*Assigned task:*
The material below includes pictures; leave them out and return only the lines between the line containing "Soal Bahasa Inggris Kelas 1 Semester" and the line containing "The conidia are", inclusive, word for word.

*Data records:*
"""
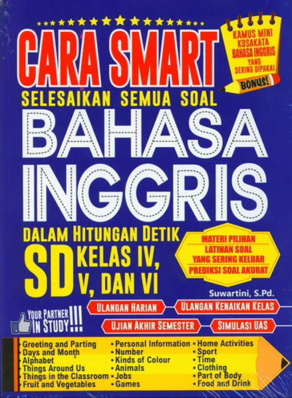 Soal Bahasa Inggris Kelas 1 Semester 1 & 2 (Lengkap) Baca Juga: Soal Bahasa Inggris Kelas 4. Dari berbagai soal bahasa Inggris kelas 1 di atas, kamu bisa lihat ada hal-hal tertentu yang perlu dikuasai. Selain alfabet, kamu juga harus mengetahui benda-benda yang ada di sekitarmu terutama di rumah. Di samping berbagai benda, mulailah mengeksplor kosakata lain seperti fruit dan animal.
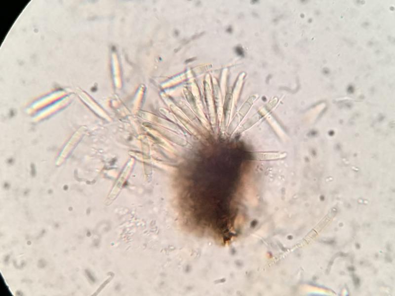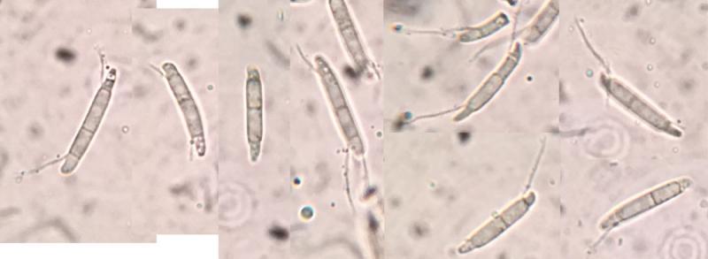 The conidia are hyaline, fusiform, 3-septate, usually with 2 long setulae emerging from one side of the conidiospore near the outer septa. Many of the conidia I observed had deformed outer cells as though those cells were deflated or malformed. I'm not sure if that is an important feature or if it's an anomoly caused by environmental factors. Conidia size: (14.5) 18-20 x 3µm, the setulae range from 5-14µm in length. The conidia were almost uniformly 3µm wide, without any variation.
"""
"""
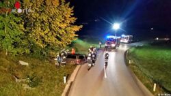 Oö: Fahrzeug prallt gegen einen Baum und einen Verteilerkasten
"""
*Answer:*
 Soal Bahasa Inggris Kelas 1 Semester 1 & 2 (Lengkap) Baca Juga: Soal Bahasa Inggris Kelas 4. Dari berbagai soal bahasa Inggris kelas 1 di atas, kamu bisa lihat ada hal-hal tertentu yang perlu dikuasai. Selain alfabet, kamu juga harus mengetahui benda-benda yang ada di sekitarmu terutama di rumah. Di samping berbagai benda, mulailah mengeksplor kosakata lain seperti fruit dan animal.
 The conidia are hyaline, fusiform, 3-septate, usually with 2 long setulae emerging from one side of the conidiospore near the outer septa. Many of the conidia I observed had deformed outer cells as though those cells were deflated or malformed. I'm not sure if that is an important feature or if it's an anomoly caused by environmental factors. Conidia size: (14.5) 18-20 x 3µm, the setulae range from 5-14µm in length. The conidia were almost uniformly 3µm wide, without any variation.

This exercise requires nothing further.